FRIDAY, JUNE 15 Today the New York Post offered a booty-licious story about Marlon Brando's ass. It seems the notoriously difficult Brando (famous for being the world's greatest actor and most beautiful man from 1952 to 1963) is so nervous about having his freakishly giant ass caught on film, he showed up for the shoot of his newest film--the Robert De Niro thriller The Score--completely naked, thus forcing director Frank Oz (famous for leaving a psychotic, screaming message on former Stranger film editor Andy Spletzer's voice mail) to shoot Brando only in close-up. Despite his nude shenanigans, the 77-year-old Brando received a whopping $10 million for his 10 days of work on the film.
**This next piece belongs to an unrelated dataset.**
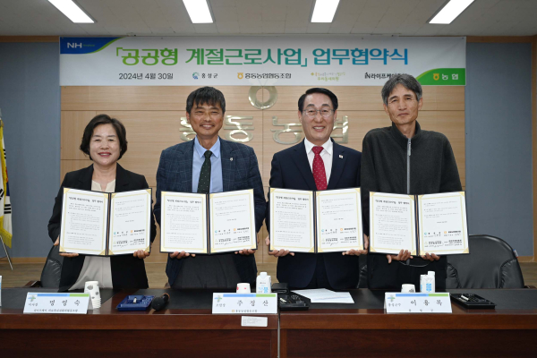 군은 30일 홍동농협에서 이용록 군수와 홍동농협 주정산 조합장, 우리동네의원 금창영 이사장, 라이프케어 명영숙 이사장 등이 참석한 가운데 공공형 계절근로 사업 업무협약(MOU)을 체결했다.

SATURDAY, JUNE 16 Today: A true story of booze, music, and mercy straight outta east Capitol Hill. Tonight a rockin' house party hosted by beloved Stranger writer Phil Campbell (and DJ'd by the notorious Charles Mudede) was twice visited by members of the Seattle Police Department, who complained about "the noise" and threatened to seize DJ Mudede's turntables. Happily, no arrests were made, and police refrained from killing any of the African American guests.
SUNDAY, JUNE 17 In much, much worse party news: Today Reuters reported the ridiculously tragic tale of the four-year-old boy who drowned yesterday at a birthday party for one of Tommy Lee and Pamela Anderson's sons. In every parent's worst nightmare, four-year-old Daniel Veres was found floating face-down in the shallow end of the pool at Tommy Lee's Malibu home. The boy's father, television producer James Veres, called his son's death "inexcusable" and told a local radio station that more people should have been hired to supervise the swimming children. Last Days wishes Mr. Veres good luck in dealing with his crippling pain and guilt, and wishes Mr. and Mrs. Lee good luck in dealing with the sure-to-be-devastating lawsuits.
>>Also today: Just 12 hours before it was to become law, Texas Governor Rick Perry vetoed a bill to prohibit the state from executing mentally retarded killers. Apparently Mr. Compassionate thought it was really stupid and just wanted to kill it.